> Task directions: Set the data below down again, exactly, with every picture left out.

> Source material:
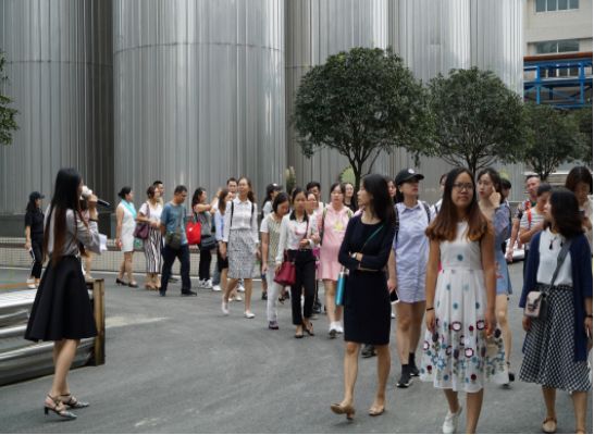 在千禾接待人电子商务媒体策划组曾妍的带领下,给学员热情讲解千禾公司设备,让学员感受千禾的公司建设、品牌文化以及展示未来打造高品质健康调味第一品牌的宏观建设规划蓝图。
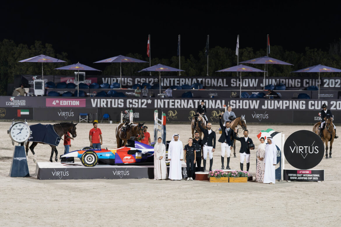 وتصدر فرسان الإمارات، منافسة دولية بمواصفات الجولة الواحدة على حواجز الـ 110 سم عبر الفارسين راشد خالد الجنيبي مع “كيرسينا”، وخليفة حمدان الجهوري مع “هيرمس دو ماريبوسا”، بينما فاز الفريق المكون من الفارسين صالح مفرج الكربي والجواد “اس كيه اس أريزونا توب”، والفارس السوري محمد هشام غريب بصحبة الجواد “نورديك قولد”، بمنافسة للفرق لإكمال المشاركة في زمن محدد على حواجز الـ 120 سم.
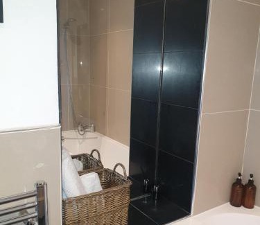 Food & DrinkTea/Coffee makerBathroomTowels, Shower, Toilet paper, Conditioner, Shampoo, Free toiletries, Hairdryer, Private bathroom, Walk-in shower, Body soapMedia & TechnologyCable channels, TV, Satellite channels, Flat-screen TV, Streaming service (like Netflix)GeneralHeating, Carbon monoxide detector, Ironing facilities, IronKitchenRefrigerator, Cleaning products, Stovetop, Wine glasses, Microwave, Kitchen, Oven, Toaster, Kitchenware, Dishwasher, Electric kettleLiving AreaSitting area, Sofa, Dining areaInternetWireless internetBedroomLinensAccessibilityEntire unit located on ground floor |

> Exercise output:
 在千禾接待人电子商务媒体策划组曾妍的带领下,给学员热情讲解千禾公司设备,让学员感受千禾的公司建设、品牌文化以及展示未来打造高品质健康调味第一品牌的宏观建设规划蓝图。
 وتصدر فرسان الإمارات، منافسة دولية بمواصفات الجولة الواحدة على حواجز الـ 110 سم عبر الفارسين راشد خالد الجنيبي مع “كيرسينا”، وخليفة حمدان الجهوري مع “هيرمس دو ماريبوسا”، بينما فاز الفريق المكون من الفارسين صالح مفرج الكربي والجواد “اس كيه اس أريزونا توب”، والفارس السوري محمد هشام غريب بصحبة الجواد “نورديك قولد”، بمنافسة للفرق لإكمال المشاركة في زمن محدد على حواجز الـ 120 سم.
 Food & DrinkTea/Coffee makerBathroomTowels, Shower, Toilet paper, Conditioner, Shampoo, Free toiletries, Hairdryer, Private bathroom, Walk-in shower, Body soapMedia & TechnologyCable channels, TV, Satellite channels, Flat-screen TV, Streaming service (like Netflix)GeneralHeating, Carbon monoxide detector, Ironing facilities, IronKitchenRefrigerator, Cleaning products, Stovetop, Wine glasses, Microwave, Kitchen, Oven, Toaster, Kitchenware, Dishwasher, Electric kettleLiving AreaSitting area, Sofa, Dining areaInternetWireless internetBedroomLinensAccessibilityEntire unit located on ground floor |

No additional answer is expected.